How Federal Cybersecurity is Evolving

There’s a certain irony with the way the federal government treats technology

Although the government and military are huge investors in new technology and are often on the cutting edge in certain fields, they’re also notoriously slow to adopt other types of technology. Cybersecurity is a major concern for businesses, but compromised government and military systems can be far more destructive, and there’s no doubt that malicious actors can do tremendous damage by compromising systems.

A Growing Threat

The year 2017 saw a rapid rise in the number of cyberattacks on federal agencies, and this trend is only expected to grow. Hackers are becoming more sophisticated, and there are simply more of them out there. For a nation, the cost of funding hacking is low; even relatively poor governments can afford to hire talented individuals to target foreign governments. The reach of technology continues to grow unabated, and the risk posed by hacks continues to increase.

Conservative Approach by Default

Federal agencies don’t work in concert, and many have vastly different security requirements. In general, however, federal entities are far more likely to stick with older solutions instead of adopting new technologies. The IRS, for example, still relies on IBM mainframes from nearly 60 years ago for storing certain information. Despite obvious performance issues, this conservative approach has a notable advantage: Security. These solutions have been tested for decades, and it’s likely that potentially exploitable bugs have long been patched.

Current Technology Risks

Much of the business world has moved and is moving to the cloud. While the cloud has advantages for businesses, federal agencies are naturally reluctant to store information off site, even though cloud providers typically have excellent security records.
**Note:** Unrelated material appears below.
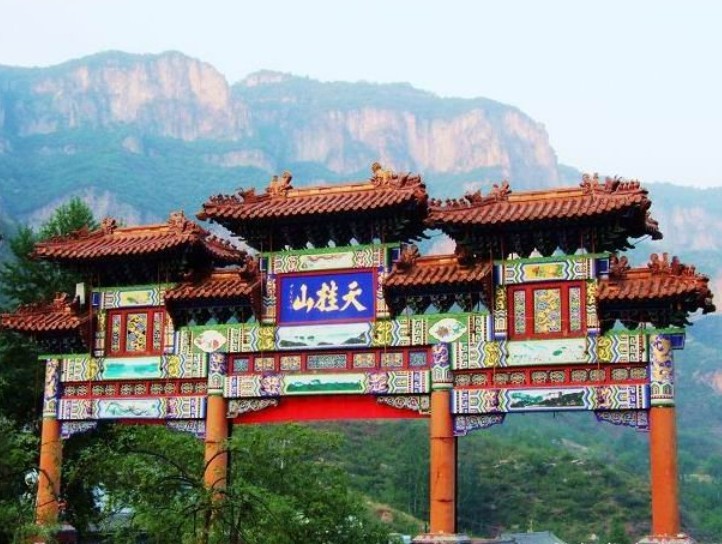 這里峰險、石奇、洞幽、泉多、林木繁茂、云霧繚繞。山上古建原為崇禎皇帝歸隱行宮,后改為青龍觀道院,又稱“北武當”。建筑群規(guī)模宏大,富麗堂皇,依山就勢,錯落有致。主要人文景 觀有:真武殿、大光明殿、東西 朝房、鐘樓、鼓樓、蒼巖宮、三道靈官閣等三十余處建筑。自然景觀主要有:真武洞、白毛女洞、無底洞、七泉一井、石乳長廊、飛來石門、大小天橋等。天桂山是一處集歷史古建筑和自然風光為一體的山岳古剎型風景名勝區(qū)。 宮天桂山呈典型的巖溶地貌,融山泉林洞于一體,集雄險奇于一身,頗具廣西桂林山勢之特點,這里四季如春,故有“北方桂林”之稱。山上主要人文景點是青龍觀道院,始建于明末原本為崇禎皇帝的歸隱行宮。除青龍觀之外,還有白毛女洞、真武洞聚仙堂等人文景觀。一九九七年,為慶祝香港回歸,版權所有山東聊城聊之旅國際旅行社有限公司,轉載必究!在天桂山一百多米高的峭壁上,鐫刻了一個巨大的“歸”字,字高97.71米寬49.1米,是世界上最大的漢字。 天桂山原名“三門寨”,因自然風光頗具廣西桂林山水神韻才改名。天桂山一帶分布大面積白石灰?guī)r、白云巖、碳酸鹽巖等,這些巖類很容易被水溶蝕,天長日久就形成了喀斯特地貌景觀,以山奇、洞異、水清為特色。抬眼望去,橫立在群山中的天桂山雄渾、壯觀,千余米的主峰直插云端。

“Federal employees have a particularly challenging array of issues to deal with” notes Jeff Engle, Vice President & General Manager for Federal at United Data Technologies.
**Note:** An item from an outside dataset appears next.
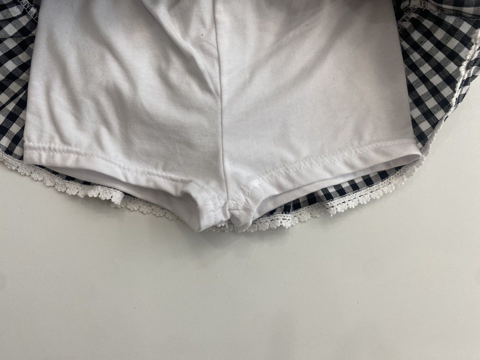 • 品名:鬆緊腰蕾絲鑲邊格紋蛋糕裙

There are a myriad of existing policies and procedures that govern everything an employee does, which makes modernisation in itself a challenge

Listen to our full interview with  Jeff Engle from UDT below or on Apple Podcasts

Bids for contracts with federal agencies have to meet stringent requirements, and these requirements seldom change, potentially making it impossible for cloud providers to offer bids on projects. Not all regulation changes require approval from Congress, but it may still be some time before cloud operations truly make inroads for many federal agencies, particularly those dealing with national security.

New Entry Points

Despite the conservative approach federal agencies tend to take, they still have to compete for talent. Remote work has made significant progress, but these practices have lead to some security risks. If an employees laptop is stolen, for example, any information cached on the hard drive can potentially be uncovered. Furthermore, it might be possible for thieves to uncover login credentials, giving them easy access to networks. Computers used in the past could be protected by a few soldiers with guns, but the public internet and other networks place a far higher burden on cybersecurity professionals. Already, government entities need to ensure their smartphone policies are adequate, and wearable technology will only increase this demand.

Modernization Under Way

In 2017, Congress passed the 500 million dollar Modernizing Government Technology Act, which is part of defense funding. Although the act promises to play a role in improving lax cybersecurity efforts, it’s also aimed to replace legacy systems with more modern systems, purportedly in an effort to cut back on operating expenses. Although the act, if properly funded, will bring extra attention to cybersecurity, replacing legacy systems also increases the burden of implementing proper security. The act will likely have benefits to users, as modern systems should be able to outperform legacy ones. However, there’s no guarantee that security efforts will be enough to prevent potentially large and damaging cyberattacks.

The cost of proper cybersecurity can be expensive, and the slow pace of the government means new technology can be slow to adopt. On the other side, paying for hackers is relatively inexpensive, and even the smallest of security holes can eventually led to massive attacks. Although progress is being made to protect systems, it’s important for agencies to avoid becoming complacent, and extra eyes will be needed to make sure modern systems replacing older ones are sufficiently secured.